Con elegancia y bajo una luz tenue ‘Lunar gardens’ usa suaves elementos de jazz con aterciopelados pasajes vocales. Con su delicada psicodelia, POSSSUM crea un tema que vuelve a evocar a bandas como Soft Machine. Una elegante estructura progresiva adornada con elementos jazz y ese aroma vintage de los primeros 70’s.

Possum

Idée Fixe Records.

Reseña: ELECTRIC VALLEY.- ‘Tapes From The Galactic Tavern’

Dicen que el tercer álbum de una banda es el verdadero termómetro de su capacidad musical. Aquí, con su tercera entrega los madrileños ELECTRIC VALLEY nos ofrecen un sonido más compacto y trabajado sin renunciar a sus raíces arenosas lo que confirma la evolución del trío. Estamos ante un álbum de rock desértico que sabe explorar los designios de la psicodelia como no nos habían mostrado antes. Prescindiendo de alguna manera de la crudeza de sus primeros dos álbumes, pero sin renunciar a sus habituales y ásperos riffs stoner, la banda nos invita a un viaje a través de las arenas del desierto con un marcado carácter cósmico.
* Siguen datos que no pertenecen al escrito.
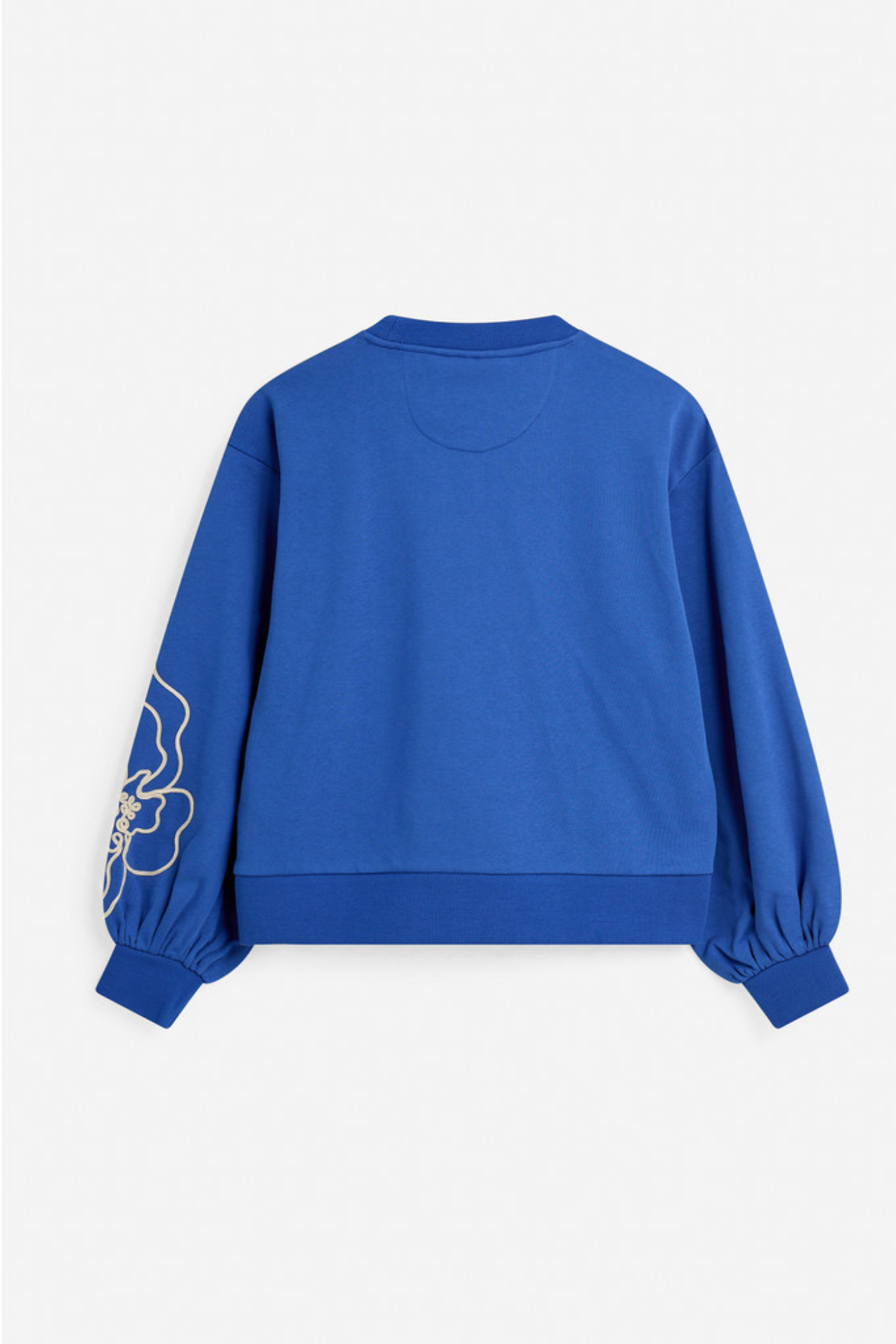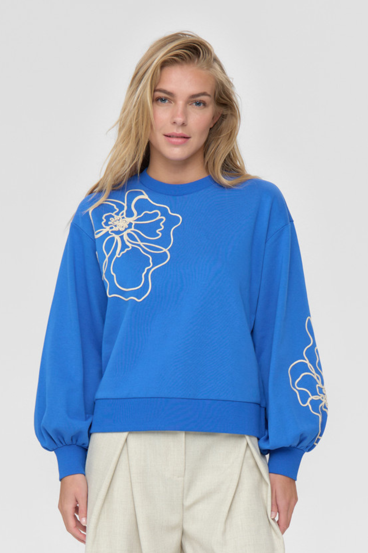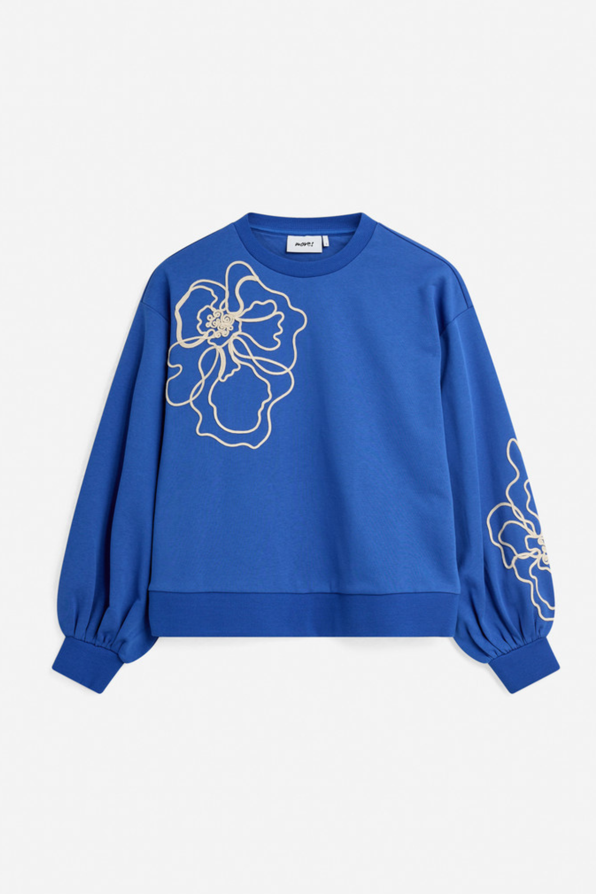 Weit sitzender Sweater mit floralen Bestickungen. Der Sweater fällt groß aus, so dass Größe S auch für M funktioniert, M für L, usw.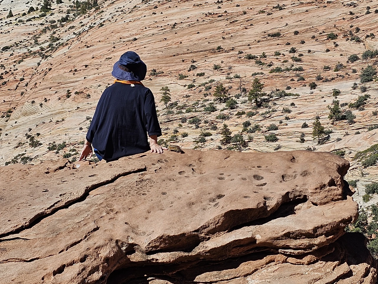 가이드의 설명에 의하면 이 다람쥐들은 자이언 캐년 측에 의해 한국에서 입양되어 이 계곡에 방류된 것이라고 한다. 자이언 캐년에서 찍은 사진에도 이 다람쥐들이 등장한다. 사진을 자세히 보니 다람쥐는 나의 손 주의를 맴돌고 있었던 것 같았다. 또 다른 사진에도 다람쥐가 가방을 쳐다보는 모습이 확인되었다.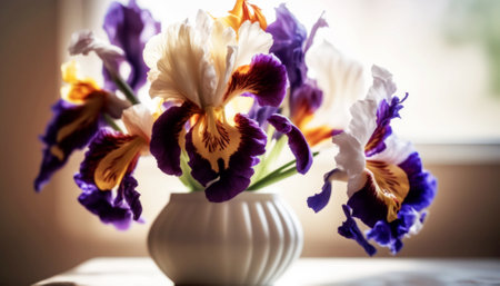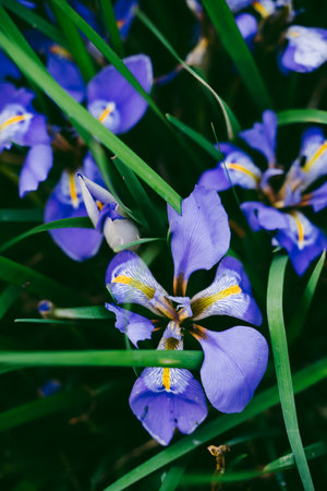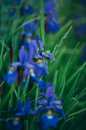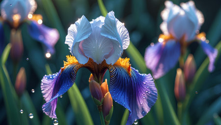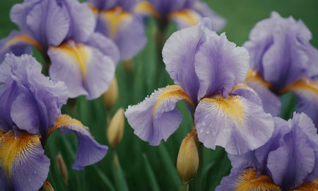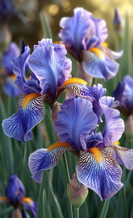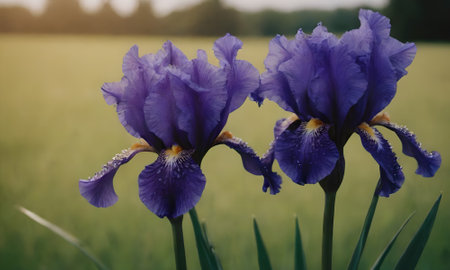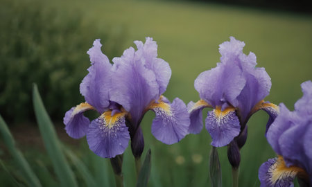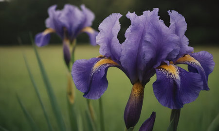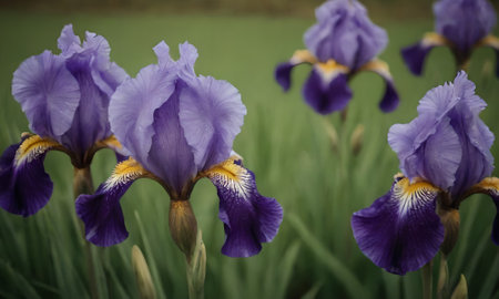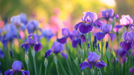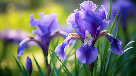 Beautiful blooming irises in a vibrant garden. A serene moment captured in nature with delicate irises swaying gently in the breeze. The elegance of irises symbolizing renewal in the cycle of life.

Incorporando elementos psico-progresivos crean fascinantes atmósferas en busca de nuevas formas de expresión de su sonido. Los ecos grunge en las voces, se conjugan con una pesadez llena de crudeza, contrastando con una apuesta que, en esta ocasión, incide más en paisajes de psicodelia pesada. Seguramente estamos ante el álbum más elaborado de la banda, lo que no hace que esta pierda su frescura y su crudeza, pero sí que nos brinde nuevos alicientes a su narrativa.  ELECTRIC VALLEY es una banda stoner, y eso queda patente nuevamente en sus canciones. ‘TAPES FROM THE GALACTIC TAVERN’ nos habla de lo efímero de la existencia, de la lucha estéril y desesperada por permanecer en ella, y eso queda reflejado en unas canciones con mucha carga de profundidad. El álbum es un homenaje al dibujante Josep Maria Beá y su cómic ‘Historias de la Taberna Galactica, historias de otros planetas, de viajes espaciales, de lo desconocido. Es un retrato de la inmensidad del cosmos, solitario, insondable, algo que queda patente en el álbum. Sabiendo jugar con la improvisación, el trio crea canciones honestas, sin artificios, pero en la que se percibe un trabajo compositivo más maduro y sobrio. Este es su álbum más psicodélico hasta el momento, algo que puede ser un nuevo punto de partida en una banda que a pesar de ello sigue fiel a sus genes desert-rock.

ELECTRIC VALLEY son Mario Garcia (guitarra), Miky Simón (bajo y voz) y Charlie Sánchez (batería) y en el álbum han contado con la colaboración en el saxo y sintetizadores de Alex Cid.

TAPES FROM THE GALACTIC TAVERN’ está disponible vía Nooirax Producciones, Discos Macarras, Quebranta Records y Violence in The Veins.

El álbum abre con los gruesos riffs de ‘Odyssey’. Un tema poderoso que inmediatamente decae en un espacio chamánico en el que las voces grunge gravitan en pasajes psicodélicos con aroma desértico. Un ritmo cadente hace ondular el tema entre los designios del desierto y suaves y envolventes pasajes psicodélicos. A pesar de un aparente caos en su desarrollo, el tema se cohesiona mostrándonos los distintos tonos de la banda.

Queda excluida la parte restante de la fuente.